A security researcher by the name of Kevin Finisterre posted details of his findings of the serious security gaps and carelessness on the part of DJI, which is the popular Chinese company responsible for manufacturing quality drones.
Finisterre started his work to check the DJI software and code as part of the recently launched bug bounty program after confirming the scope of research. The program was announced back in August to allow security researchers and developers to find issues with the software for security of the customers and the user data.
For the uninitiated, the practice of Bug Bounty programs is not new as other companies in the software space have introduced their own programs allowing developers and security researchers to probe through their software, code and services and report back about any possible issues. This allows the software companies and the service providers to continuously patch and ensure that their system is not open to any kind of hacking attacks. Everyone from Google to Facebook to Microsoft has them.
Those who point out the bugs are eligible for a cash reward depending on the severity of the bug. Some companies provide free hardware or goodies. This bounty acts as an incentive for the researchers to work more comprehensively.
Coming back to the DJI issue, as soon as Finisterre started working on documenting the security flaws as part of the bug bounty programme, he started receiving some pushback. The interesting thing was that he was able to access flight log data and images that other DJI customers had uploaded. These images included passports, drivers licenses, and other government IDs. He pointed out that he got some of the data from DJI accounts that were associated with the military and the government.
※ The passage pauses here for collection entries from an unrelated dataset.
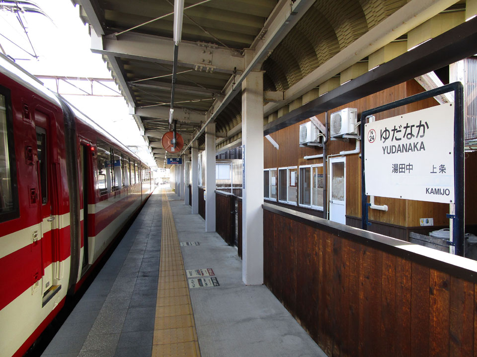長野駅では、長野電鉄からJR新幹線まで5分で乗り換える。
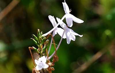 Về mùa xuân, cây ra hoa thành từng chùm ở cuối cành, cuống hoa ngắn, ống hoa dài, tán hoa có 4 cánh nhỏ màu trắng tím nhạt, không thấy quả. Thân cây già màu xám nâu, rễ mọc chùm không có rễ cái.
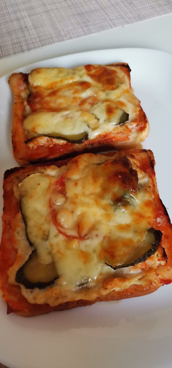 Похожий рецепт я увидела на просторах интернета. Подробностей не помню, поэтому сделала, как посчитала вкусным) Получилось и правда замечательно. Остановиться сложно, а готовится легко. Итак нам понадобится: Фарш, у меня было примерно 300 гр Кетчуп Огурцы маринованные Помидор свежий Сыр И конечно хлеб. Хлеб может быть любой, у меня для тостов. Выкладываем хлеб на смазанный растительным маслом противень. Каждый кусочек промазываем кетчупом. Затем выкладываем фарш тонким слоем. Фарш предварительно я немного посолила и добавила специй для курицы. Сверху кусочки огурцов и помидоров. Затем сыр. Я нарезал кусочками, но можно и натереть. В духовку при 180С. Запекаем примерно 15 минут. Посмотрите, какая это вкуснота! Хлеб можно брать любой, не обязательно как я тостовый. Фарш тоже может отличаться. У менч куриный, но отлично получится и с говяжим и с не жирным свинным. Сыр лучше тот, который хорошо плавится, но тоже не обязательно) Приятного аппетита!

He could access this because the developers at DJI had accidentally left the private keys, both for ’wildcard’ certificate for all the DJI web domains and the keys to access the cloud storage accounts on Amazon Web Services. The amusing part here is the fact that developers posted all these details on the DJI GitHub and this did not involve any complex ‘hacking’.
According to a detailed report by ArsTechnica, the most important part of the entire thing happened when DJI hit Finisterre with threats of serious charges like Computer Fraud and Abuse Act. The company refused to cover or provide any protection to him regarding the same. All these missteps from DJI prompted him to drop out of the programme and publish his findings on his own.
While trying to communicate with DJI about all these issues, he also found that DJI drones were sending personally identifiable data. He sent a ‘heads-up’ to the company to ensure that they had sufficient time to patch that issue. The communications stretched over 130 e-mails as the bug bounty website issued him with a notification that he had won the top reward on the website.
After the notification, he did not hear back from the company. A month later, DJI sent an email with a notice saying that it did not offer any protection to researchers.
According to a statement from 16 November, the statement addresses Finisterre as a ‘hacker’. The company also issued a separate statement when talking to ArsTechnica saying that DJI has paid out almost thousands of dollars to dozen researchers.